**Instructions for the task**
Only the lines from the start of the entries through the line with "Le ministre des sports Augustin" should be returned, each exactly as it stands, and no pictures.

^^^^^^^^^^^^^^^^

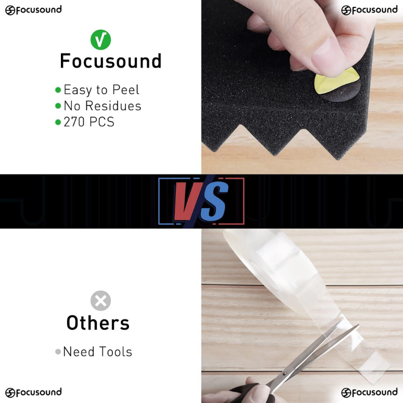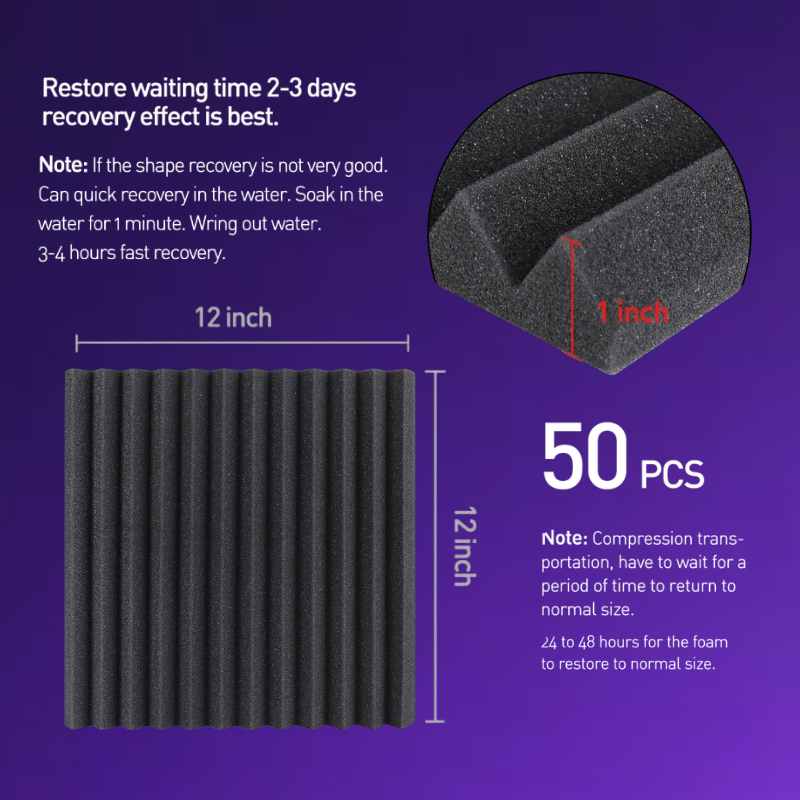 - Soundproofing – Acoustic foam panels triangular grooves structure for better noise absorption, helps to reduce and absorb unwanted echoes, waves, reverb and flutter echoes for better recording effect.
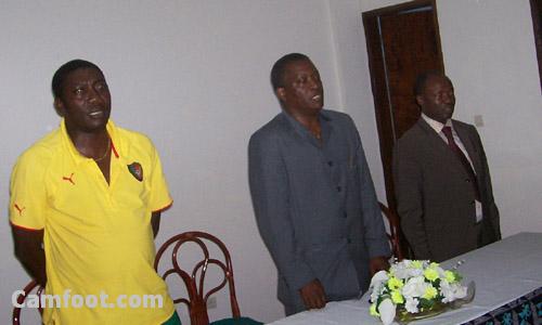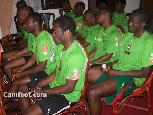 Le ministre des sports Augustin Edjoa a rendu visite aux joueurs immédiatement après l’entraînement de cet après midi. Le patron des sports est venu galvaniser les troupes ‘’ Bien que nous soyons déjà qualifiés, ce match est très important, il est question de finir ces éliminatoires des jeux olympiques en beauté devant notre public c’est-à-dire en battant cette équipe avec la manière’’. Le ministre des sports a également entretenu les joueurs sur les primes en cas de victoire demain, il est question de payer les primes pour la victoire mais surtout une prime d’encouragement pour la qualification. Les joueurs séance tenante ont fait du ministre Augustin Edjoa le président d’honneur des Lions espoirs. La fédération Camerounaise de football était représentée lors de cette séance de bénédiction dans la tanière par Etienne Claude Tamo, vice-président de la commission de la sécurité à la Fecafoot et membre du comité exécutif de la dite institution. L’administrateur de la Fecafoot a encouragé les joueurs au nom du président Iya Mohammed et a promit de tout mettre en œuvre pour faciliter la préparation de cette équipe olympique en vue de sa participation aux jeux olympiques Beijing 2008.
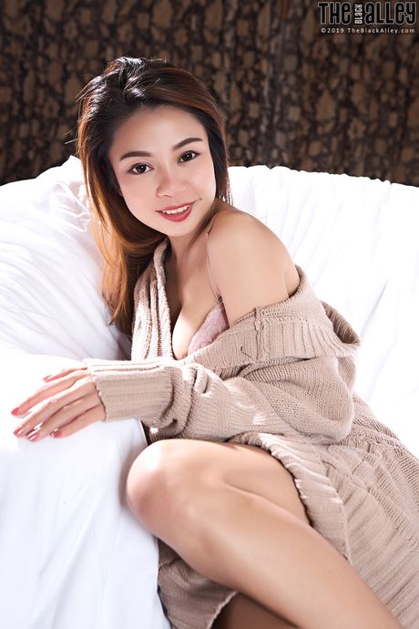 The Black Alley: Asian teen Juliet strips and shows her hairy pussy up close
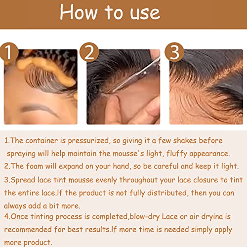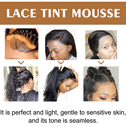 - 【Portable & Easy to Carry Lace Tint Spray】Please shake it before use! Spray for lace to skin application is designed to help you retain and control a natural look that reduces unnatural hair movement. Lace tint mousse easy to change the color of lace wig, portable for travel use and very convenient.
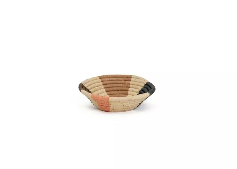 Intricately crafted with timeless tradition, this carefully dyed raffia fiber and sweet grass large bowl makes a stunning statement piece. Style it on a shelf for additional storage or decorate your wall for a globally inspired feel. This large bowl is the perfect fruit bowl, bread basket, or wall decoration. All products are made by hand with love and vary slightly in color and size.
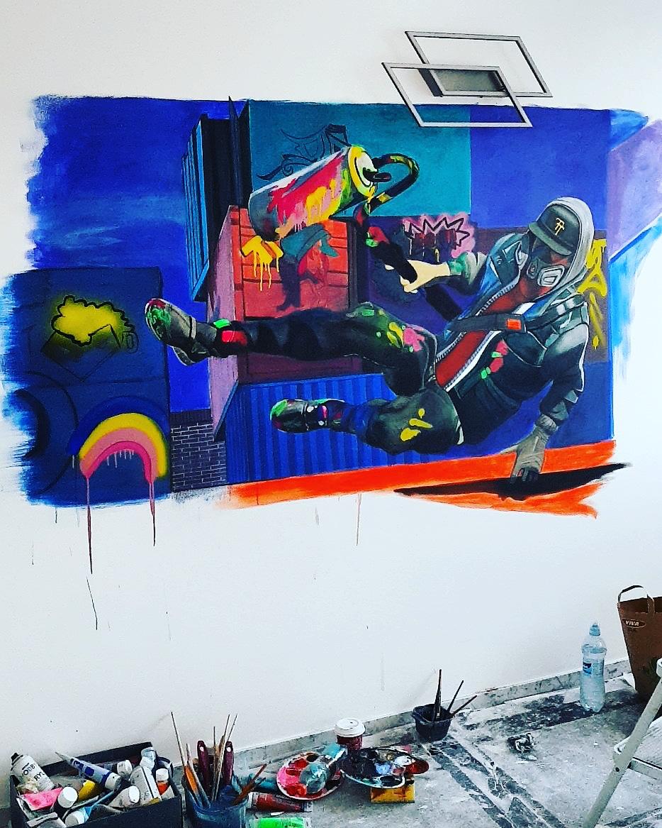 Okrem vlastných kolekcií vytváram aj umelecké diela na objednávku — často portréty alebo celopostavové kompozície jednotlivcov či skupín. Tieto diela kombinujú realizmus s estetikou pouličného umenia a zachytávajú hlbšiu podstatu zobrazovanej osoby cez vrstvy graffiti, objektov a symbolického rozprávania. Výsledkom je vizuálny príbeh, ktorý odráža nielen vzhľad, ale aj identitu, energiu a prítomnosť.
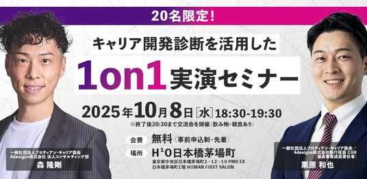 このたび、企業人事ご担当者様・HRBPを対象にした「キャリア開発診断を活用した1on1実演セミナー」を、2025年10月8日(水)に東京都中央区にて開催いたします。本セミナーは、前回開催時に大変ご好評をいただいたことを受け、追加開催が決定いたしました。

^^^^^^^^^^^^^^^^

**Solution to this problem**
 - Soundproofing – Acoustic foam panels triangular grooves structure for better noise absorption, helps to reduce and absorb unwanted echoes, waves, reverb and flutter echoes for better recording effect.
 Le ministre des sports Augustin Edjoa a rendu visite aux joueurs immédiatement après l’entraînement de cet après midi. Le patron des sports est venu galvaniser les troupes ‘’ Bien que nous soyons déjà qualifiés, ce match est très important, il est question de finir ces éliminatoires des jeux olympiques en beauté devant notre public c’est-à-dire en battant cette équipe avec la manière’’. Le ministre des sports a également entretenu les joueurs sur les primes en cas de victoire demain, il est question de payer les primes pour la victoire mais surtout une prime d’encouragement pour la qualification. Les joueurs séance tenante ont fait du ministre Augustin Edjoa le président d’honneur des Lions espoirs. La fédération Camerounaise de football était représentée lors de cette séance de bénédiction dans la tanière par Etienne Claude Tamo, vice-président de la commission de la sécurité à la Fecafoot et membre du comité exécutif de la dite institution. L’administrateur de la Fecafoot a encouragé les joueurs au nom du président Iya Mohammed et a promit de tout mettre en œuvre pour faciliter la préparation de cette équipe olympique en vue de sa participation aux jeux olympiques Beijing 2008.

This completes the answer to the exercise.